Scapolite Gemstone Information

The prices, uses and value of Scapolite vary tremendously, depending on the size and quality of the gemstone. AJS Gems is your source for the highest quality colored stones from across the globe, available at Bangkok direct wholesale prices. Creating the finest jewelry starts with finding the best gemstones, and the best gemstones are found at AJS Gems.

Why Buy Loose Gemstones Instead of Pre-Set Jewelry?
 
There are many reasons, but basically it boils down to value and choice...

When buying your Scapolite gemstone loose instead of a pre-set stone, you can be sure you are getting the best value for your money.  Loose gemstones are less expensive, a better value, and you can really see what you are paying for.  The most important part of getting the right price and finding the best value is to first see what you're getting.  A jewelry setting will hide the inclusions inside a gem, and can deepen or brighten its color.  With a loose stone you can much more easily inspect the gem and see it for what it really is.  In this way you can get a better idea of its true worth and be sure you are paying a fair price.

The second advantage of buying a loose gemstone is choice.  You are free to pick the exact color, cut, shape and variety of the stone for the setting of your dreams, be it yellow gold, white gold, platinum or silver; prong set or bezel set with diamond accents.  You can experience the joy of creating your very own, one-of-a-kind jewelry design. Choose from a variety of jewelry settings and styles to create a completely original presentation that will perfectly suit your individual gemstone and will be as unique as you are!

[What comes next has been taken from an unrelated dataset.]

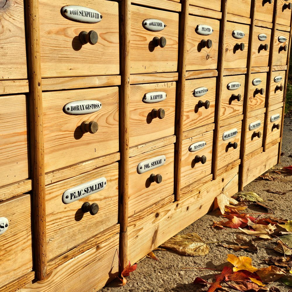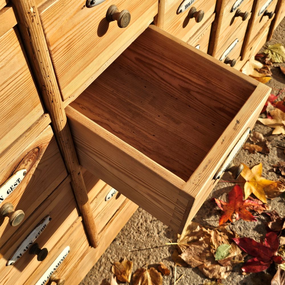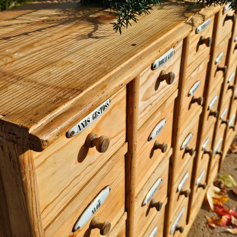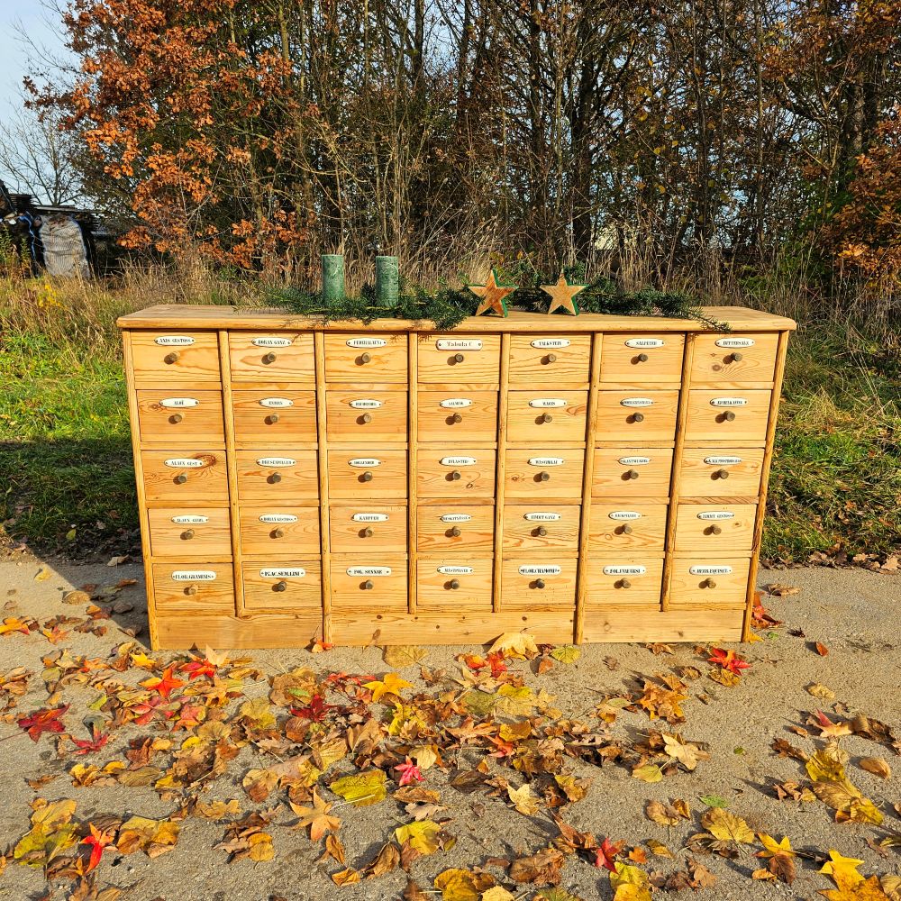 Er besticht mit seiner Individualität: Dieser original antike Apothekerschrank hat 35 Schubläden, was ihn unglaublich praktisch macht und viele Möglichkeiten zur Ordnung bietet. Er hat den rustikalen Chic des Alters und wenn er Geschichten erzählen könnte, würden wir ihm wahrscheinlich gefesselt zuhören. Jetzt will er sich zur Ruhe setzen und sucht ein gemütliches Zuhause – im Flur, um die Gäste zu begrüßen, im Esszimmer, um dort Gesellschaft zu leisten, oder im Wohnzimmer, um zur Gemütlichkeit beizutragen - er fühlt sich überall wohl. Handwerklich restauriert, naturbelassen gewachst – Holz, das man sehen und fühlen möchte.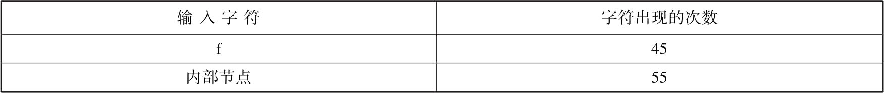 表2.2 输入字符及字符出现的次数(1)

                                                 

Scapolite is actually the name of a series between the sodium chloride rich mineral called marialite and the calcium carbonate rich mineral meionite. The structure of loose scapolite is similar to some feldspathoids in that it is composed of large open spaces in the framework of silicate and aluminum tetrahedrons. These open spaces are large enough to essentially cage the very large ionic groups of either Na4Cl or Ca4CO3. The sulfate ion shown in the formula is typically barely more than a trace, but is found in far greater percentages than the occasional fluorine or hydroxide interlopers in the scapolite structure.

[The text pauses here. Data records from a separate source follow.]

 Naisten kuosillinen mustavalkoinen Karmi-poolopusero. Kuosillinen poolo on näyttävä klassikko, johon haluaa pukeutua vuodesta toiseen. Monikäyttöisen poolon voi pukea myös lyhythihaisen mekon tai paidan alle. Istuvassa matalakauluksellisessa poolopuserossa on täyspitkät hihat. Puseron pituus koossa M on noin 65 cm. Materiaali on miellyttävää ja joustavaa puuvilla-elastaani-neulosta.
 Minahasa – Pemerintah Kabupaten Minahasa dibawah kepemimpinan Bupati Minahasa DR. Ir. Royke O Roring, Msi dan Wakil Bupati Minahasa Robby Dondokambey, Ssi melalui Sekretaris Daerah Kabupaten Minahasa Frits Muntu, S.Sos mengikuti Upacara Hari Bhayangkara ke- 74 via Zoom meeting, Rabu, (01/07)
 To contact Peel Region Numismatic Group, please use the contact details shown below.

Scapolite gems form in metamorphic rocks from the alteration of plagioclase feldspars. The entire scapolite series is analogous to the plagioclase series. If the formula of marialite is written as 3(Na(Al, Si)4O8)NaCl it is clear how well it matches the formula of the sodium rich plagioclase, albite, NaAlSi3O8. A similar look at meionite's formula, 3(Ca(Al, Si)4O8)CaCO3, shows that it too is near three times the formula of anorthite, CaAl2Si2O8. The addition of the extra sodium chloride or calcium carbonate occurs during metamorphism as well as substantial alteration of the structure. Although nearly pure albite and anorthite specimens are sometimes found, pure forms of meionite and marialite are unknown of in nature.

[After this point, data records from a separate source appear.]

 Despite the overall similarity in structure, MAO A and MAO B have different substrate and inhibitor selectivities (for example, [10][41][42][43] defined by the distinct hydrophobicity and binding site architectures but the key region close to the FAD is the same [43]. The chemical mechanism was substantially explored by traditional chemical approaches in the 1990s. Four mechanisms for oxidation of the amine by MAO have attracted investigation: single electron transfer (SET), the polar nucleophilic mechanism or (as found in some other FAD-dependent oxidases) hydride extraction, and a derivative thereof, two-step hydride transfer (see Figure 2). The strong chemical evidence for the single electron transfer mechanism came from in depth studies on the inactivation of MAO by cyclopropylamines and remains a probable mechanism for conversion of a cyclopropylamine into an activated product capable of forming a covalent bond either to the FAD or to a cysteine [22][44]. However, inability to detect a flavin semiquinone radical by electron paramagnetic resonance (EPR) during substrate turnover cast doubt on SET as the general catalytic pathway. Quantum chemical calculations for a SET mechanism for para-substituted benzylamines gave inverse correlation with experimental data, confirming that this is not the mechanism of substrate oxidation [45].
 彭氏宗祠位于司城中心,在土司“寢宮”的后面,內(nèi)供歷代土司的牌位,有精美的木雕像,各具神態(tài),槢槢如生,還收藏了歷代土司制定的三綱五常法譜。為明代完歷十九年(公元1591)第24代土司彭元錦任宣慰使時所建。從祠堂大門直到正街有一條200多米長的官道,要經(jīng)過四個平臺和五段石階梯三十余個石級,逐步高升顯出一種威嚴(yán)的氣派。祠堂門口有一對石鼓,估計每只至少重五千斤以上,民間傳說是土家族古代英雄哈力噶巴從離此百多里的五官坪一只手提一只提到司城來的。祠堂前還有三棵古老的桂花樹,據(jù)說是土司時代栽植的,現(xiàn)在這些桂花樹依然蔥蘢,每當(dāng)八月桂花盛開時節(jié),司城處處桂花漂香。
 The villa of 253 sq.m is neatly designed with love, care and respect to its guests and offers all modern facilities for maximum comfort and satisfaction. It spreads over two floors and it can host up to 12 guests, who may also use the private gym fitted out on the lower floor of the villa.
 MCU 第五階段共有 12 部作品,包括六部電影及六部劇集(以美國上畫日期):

Distinguishing the scapolite crystals from each other is difficult as they differ only slightly in density and index of refraction, increasing in both with increasing calcium content. It is because of this closeness in properties and yet seemingly very different chemistries that scapolite has had its share of pseudonyms. Wernerite was the most common alternate name for the scapolite series, but now it has mostly disappeared from use. A few other names such as mizzonite and dipyre as well as marialite and meionite have been used as names for the entire scapolite series. Now scapolite is a name recognized by most every mineralogist and rock hound the world over.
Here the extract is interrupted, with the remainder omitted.